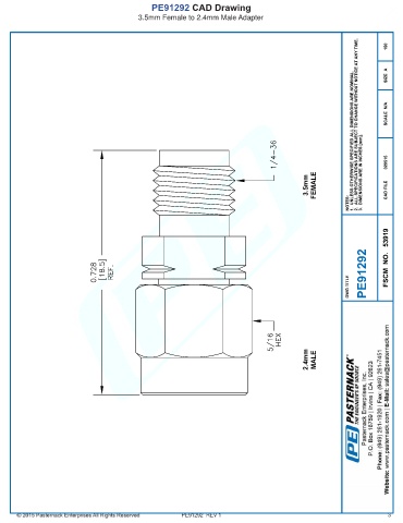PE91292 CAD Drawing 3.5mm Female to 2.4mm Male Adapter PE91292 REV 1 3
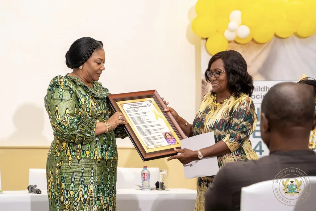 Mrs. Rebecca Akufo-Addo was honored by the Childhood Cancer Society of Ghana (CCSG) for her contribution and dedication to the welfare of children with cancer in the country.
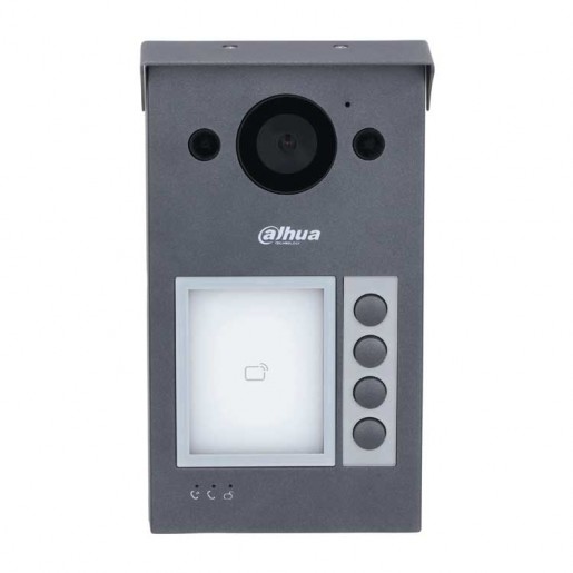 Вызывная панель с разрешением камеры 2мп и CMOS сенсором, угол обзора по горизонтали 125°, алюминевый сплав, уровень защиты IP65, IK08. Поддержка режима "Ночь" и голосового оповещения. Групповые вызовы. С четырьмя кнопками. Видео и аудио сообщения. Удаленный доступ через мобильное приложение DMSS. Установка на стену. Питание: DC 48V, PoE(802.3af), 2-проводной контроллер

^^^^^^^^^^^^^^^^

= WHAT YOU WILL DO =
Omit the pictures, then set down all the remaining data exactly as given.

= EXPECTED ANSWER =
PE91292 CAD Drawing 3.5mm Female to 2.4mm Male Adapter PE91292 REV 1 3
 Mrs. Rebecca Akufo-Addo was honored by the Childhood Cancer Society of Ghana (CCSG) for her contribution and dedication to the welfare of children with cancer in the country.
 Вызывная панель с разрешением камеры 2мп и CMOS сенсором, угол обзора по горизонтали 125°, алюминевый сплав, уровень защиты IP65, IK08. Поддержка режима "Ночь" и голосового оповещения. Групповые вызовы. С четырьмя кнопками. Видео и аудио сообщения. Удаленный доступ через мобильное приложение DMSS. Установка на стену. Питание: DC 48V, PoE(802.3af), 2-проводной контроллер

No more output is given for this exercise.